The determination of the propriety of deportation is not a prosecution for, or a conviction of, crime; nor is the deportation a punishment, even though the facts underlying the decision may constitute a crime under local law. The proceeding is in effect simply a refusal by the government to harbor persons whom it does not want. The coincidence of local penal law with the policy of congress is purely accidental, and, though supported by the same facts, a criminal prosecution and a proceeding for deportation are separate and independent.17 (Emphasis supplied)

Further:

The order of deportation is not a punishment for crime. It is not a banishment, in the sense in which that word is often applied to the expulsion of a citizen from his country by way of punishment. It is but a method of enforcing the return to his own country of an alien who has not complied with the conditions upon the performance of which the government of the nation, acting within its constitutional authority, and through the proper departments, has determined that his continuing to reside here shall depend. He has not, therefore, been deprived of life, liberty, or property without due process of law; and the provisions of the constitution, securing the right of trial by jury, and prohibiting unreasonable searches and seizures and cruel and unusual punishments, have no application.

The question whether, and upon what conditions, these aliens shall be permitted to remain within the United States being one to be determined by the political departments of the government, the judicial department cannot properly express an opinion upon the wisdom, the policy, or the justice of the measures enacted by congress in the exercise of the powers confided to it by the constitution over this subject.18 (Emphasis supplied)

Therefore, Section 2, Article III of the 1987 Constitution on unreasonable arrests, searches and seizures, finds no application in deportation cases simply because there is no deprivation of liberty (unreasonable arrest) or deprivation of property (unreasonable searches and seizures)19 to speak of.

ACCORDINGLY, I concur with the ponencia of the Chief Justice who thereby has opened the long-awaited conversation on how courts can meaningfully and sensibly approach via judicial review any allegation of overreach against peoples' rights vis-à-vis the interests and values sought to be protected by our administrative agencies.



Footnotes

1 69 Phil. 635 (1940) [Per J. Laurel].

2 Special Protection of Children Against Abuse, Exploitation and Discrimination Act.

3 Special Protection of Children in Situations of Armed Conflict Act.

4 Mison v.

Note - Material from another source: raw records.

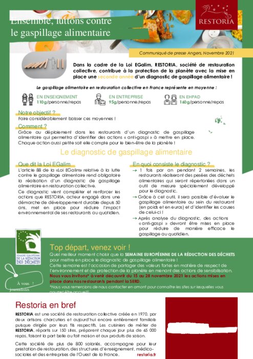 Restoria, société de restauration collective angevine, contribue à la protection de la planète avec la mise en place une seconde année d'un diagnostic de gaspillage alimentaire, du 15 au 28 novembre , sur l'ensemble de nos restaurants ! A l'issu, et selon les résultats obtenus, des actions anti-gaspi seront mises en place afin de réduire au maximum les déchets de nos convives.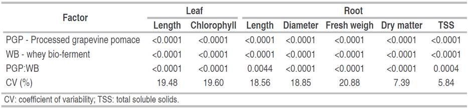 Table 4: Results of the P value of the main effect of processed grapevine pomace, whey bio-ferment and their interaction on characteristics in radish crop (analysis of variance - ANOVA).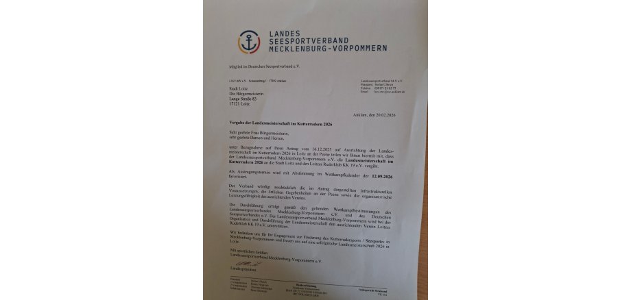 Am 12.09.2026 wird die Landesmeisterschaft im Kutterrudern in Loitz stattfinden.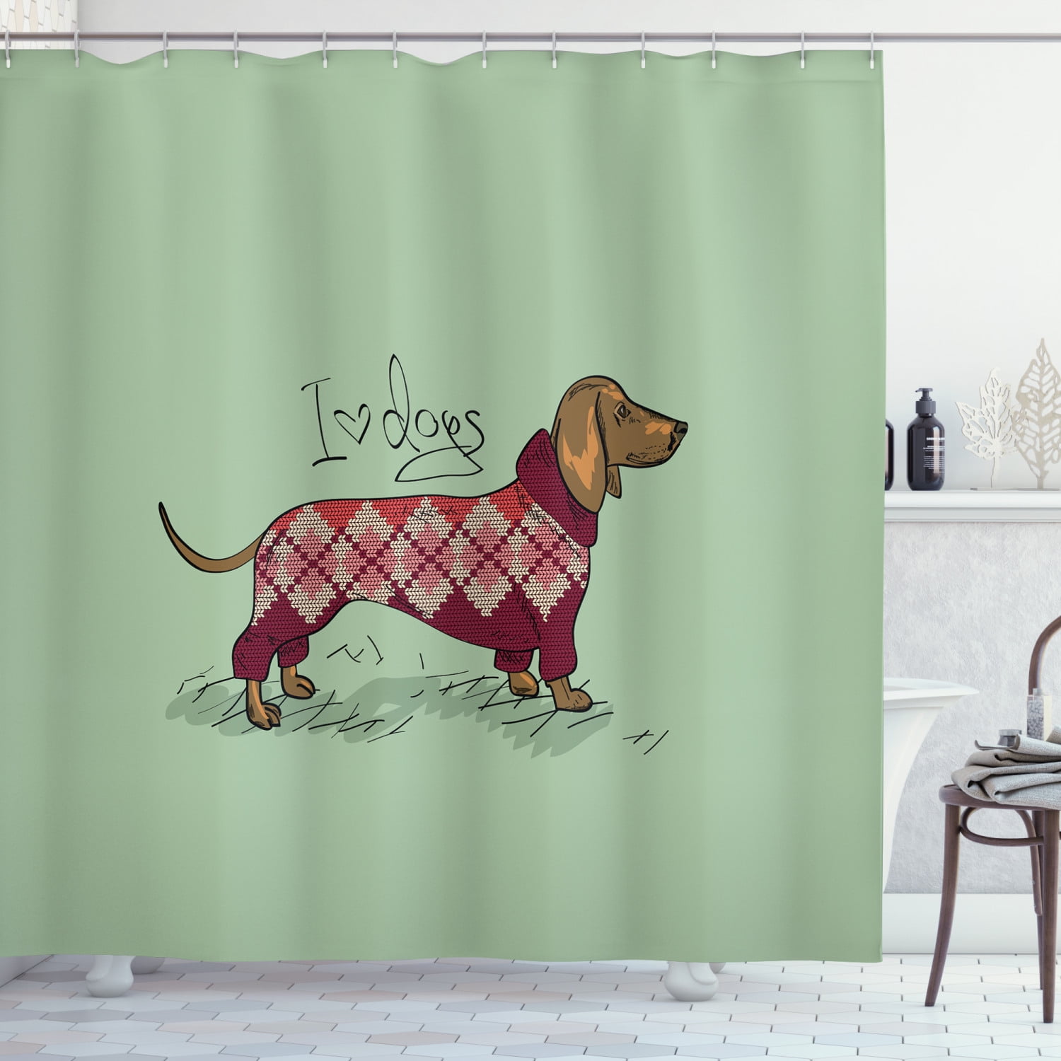 Dachshund Shower Curtain Cute Dog In Knitted Sweater Design Detailed Colorful Cartoon Style Animal Pattern Fabric Bathroom Set With Hooks 69w X 84l Inches Extra Long Multicolor By Ambesonne Walmart Com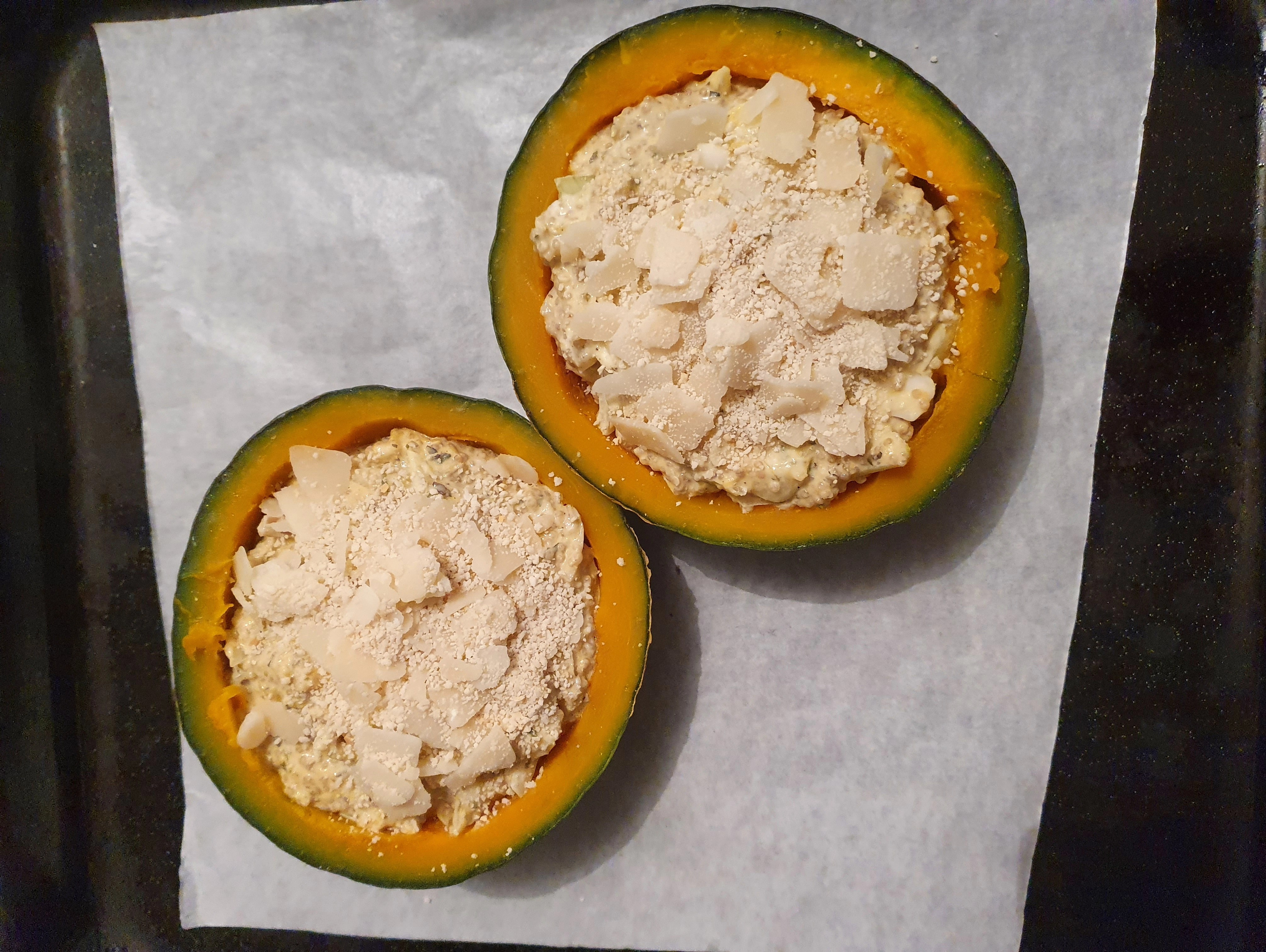 Disposer des copeaux de parmesan (et de la chapelure de mie de pain éventuellement pour faire gratiner) sur les courges et enfourner pour 10 minutes.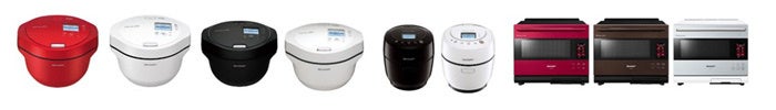左から 水なし自動調理鍋「ヘルシオ ホットクック」KN-HW24G-R/W、KN-HW16G-B/W、KN-HW10G-B/W、ウォーターオーブン「ヘルシオ」AX-XA30-R/T/S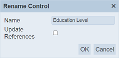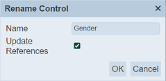 The same constraints applied to the name in the Add Control guide are applied. “Gender” is used as the new control name in this example. If the Update Reference checkbox is selected, the new name would be reflected in all views that are currently linked to the control. This means that the changes made to the control would be applied to all the views that are using it. For this example, tick select the checkbox. Click on the “OK” button. Clicking on the “Cancel” button aborts the action.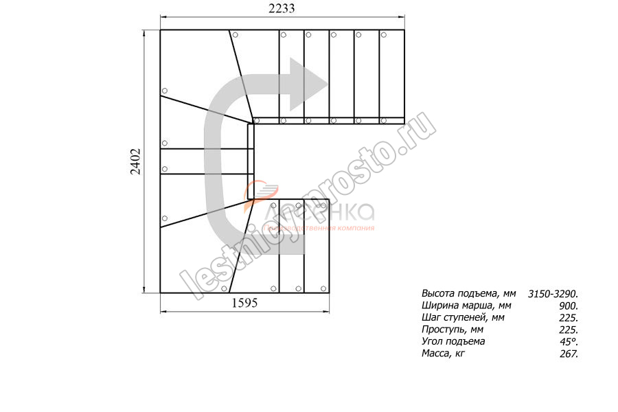 Модульная лестница Спринт 225 3150-3290, Серый, Сосна, Крашеная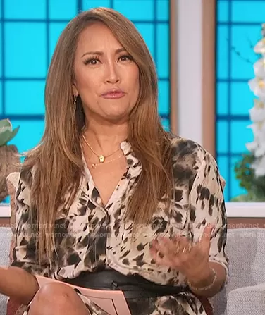 Carrie Inaba on The Talk on CBS was spotted wearing this printed shirtdress on The Talk on Sep 25 2020's episode. Carrie's Dress is the Cameron Silk Printed Long-Sleeve Shirtdress by L'Agence.

Gallegos, 761 Phil. 658, 674 (2015) [Per J. Perez, En Banc] citing Kiani v. BID, 518 Phil. 501 (2006) [Per J. Callejo, Sr., First Division].

5 Act No. 2711, March 10, 1917.

6 Commonwealth Act No. 613, August 26, 1940.

7 Mison v. Gallegos, supra citing Kiani v. BID, supra.

8 G.R. No. L-10280, September 30, 1963.

9 Draft Decision, p. 16.

10 G.R. No. 82544 [Per J. Melencio-Herrera, Second Division].

11 604 Phil. 405 (2009) [Per J. Austria-Martinez, Third Division].

12 749 Phil. 206 (2014) [Per J. Perlas-Bernabe, First Division].

13 Id. at 221 citing Dwikarna v. Hon. Domingo, 477 Phil. 891 (2004) [Per J. Corona, En Banc].

14 Dwikarna v. Hon. Domingo, supra.

15 See People v. Ang, G.R. No. 231854, October 6, 2020 [Per J. Carandang, En Banc]; Dimal and Castillo v. People, 830 Phil. 309 (2018) [Per J. Peralta, Second Division].

16 Lopez-Lopez v. County of Allegan, 321 F.Supp.3d 794, July 13, 2018, citations omitted.

17 2 AM Jur., p. 517, cited in Morano, et al. v. Vivo, G.R. No. L-22196, June 30, 1967.

18 Fong Yue Ting v. United States, 149 U.S. 698, May 15, 1983; Emphasis supplied.

19 See United States v. Lucas, 499 F.3d 769, August 23, 2007.